- Task brief -
Only the lines below from the one containing "Лук очищаем от" to the one containing "73270258 Ramsau Dachstein" should be repeated, both included and unchanged.

- Task inputs -
◇ ◇ ◇
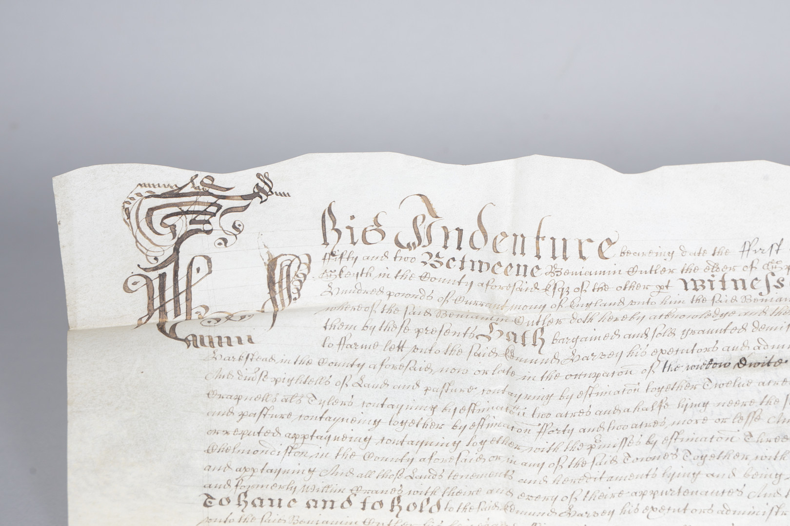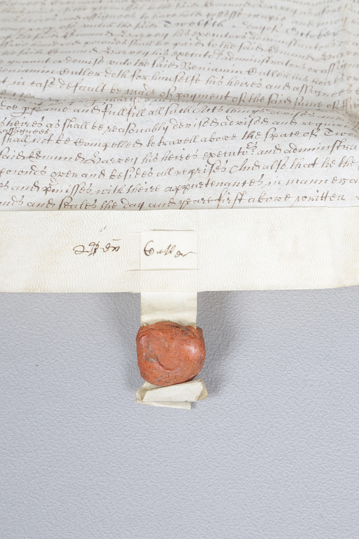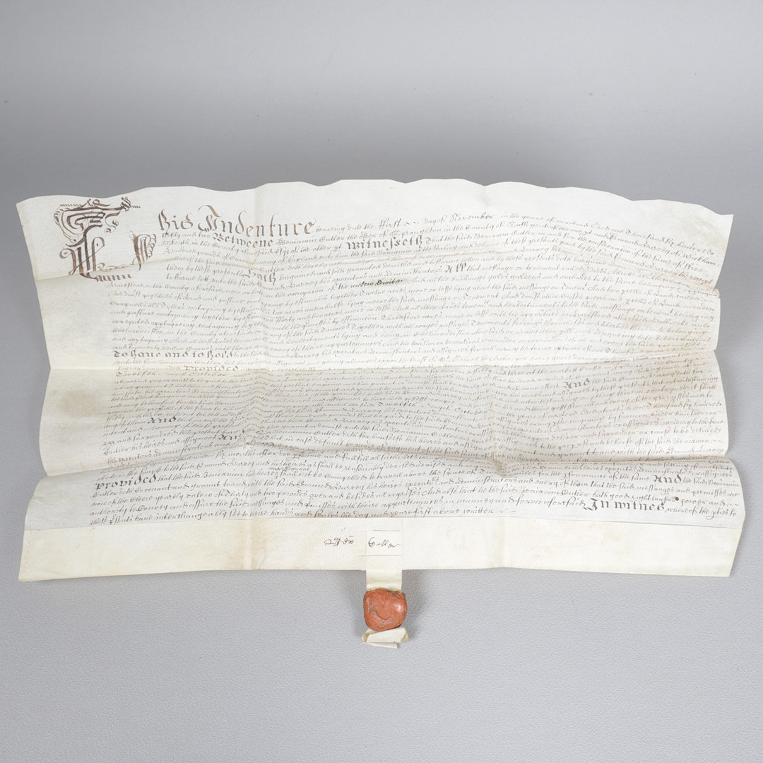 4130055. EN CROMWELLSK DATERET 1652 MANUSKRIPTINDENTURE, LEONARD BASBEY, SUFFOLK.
◇ ◇ ◇
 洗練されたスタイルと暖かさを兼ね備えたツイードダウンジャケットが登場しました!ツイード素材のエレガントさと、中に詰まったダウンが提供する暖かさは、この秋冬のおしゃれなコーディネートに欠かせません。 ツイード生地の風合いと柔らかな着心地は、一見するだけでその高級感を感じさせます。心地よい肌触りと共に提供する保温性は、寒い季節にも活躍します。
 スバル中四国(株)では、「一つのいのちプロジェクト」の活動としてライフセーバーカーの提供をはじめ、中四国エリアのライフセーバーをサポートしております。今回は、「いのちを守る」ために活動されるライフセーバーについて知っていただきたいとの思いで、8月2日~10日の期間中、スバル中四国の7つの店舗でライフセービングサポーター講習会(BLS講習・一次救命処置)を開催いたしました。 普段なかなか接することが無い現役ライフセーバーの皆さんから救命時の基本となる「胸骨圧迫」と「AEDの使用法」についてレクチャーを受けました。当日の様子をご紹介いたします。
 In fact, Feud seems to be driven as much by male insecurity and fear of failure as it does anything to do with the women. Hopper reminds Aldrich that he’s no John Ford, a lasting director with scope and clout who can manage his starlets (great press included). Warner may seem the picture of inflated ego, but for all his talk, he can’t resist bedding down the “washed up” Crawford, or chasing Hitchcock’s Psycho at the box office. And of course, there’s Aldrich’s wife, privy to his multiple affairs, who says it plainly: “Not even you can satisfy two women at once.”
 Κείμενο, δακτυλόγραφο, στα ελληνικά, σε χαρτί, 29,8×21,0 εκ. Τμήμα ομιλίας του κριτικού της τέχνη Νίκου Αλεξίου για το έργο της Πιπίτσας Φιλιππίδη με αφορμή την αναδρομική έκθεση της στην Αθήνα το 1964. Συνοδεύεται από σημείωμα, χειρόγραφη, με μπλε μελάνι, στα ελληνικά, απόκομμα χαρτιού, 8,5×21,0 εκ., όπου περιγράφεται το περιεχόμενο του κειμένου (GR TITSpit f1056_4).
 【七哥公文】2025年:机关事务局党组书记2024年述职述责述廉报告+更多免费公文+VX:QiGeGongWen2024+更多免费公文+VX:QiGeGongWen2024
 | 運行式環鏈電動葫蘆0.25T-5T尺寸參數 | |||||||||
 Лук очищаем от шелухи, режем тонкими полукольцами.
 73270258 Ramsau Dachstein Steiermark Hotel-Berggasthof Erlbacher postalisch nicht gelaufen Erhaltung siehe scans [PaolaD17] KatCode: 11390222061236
◇ ◇ ◇
- Written response -
 Лук очищаем от шелухи, режем тонкими полукольцами.
 73270258 Ramsau Dachstein Steiermark Hotel-Berggasthof Erlbacher postalisch nicht gelaufen Erhaltung siehe scans [PaolaD17] KatCode: 11390222061236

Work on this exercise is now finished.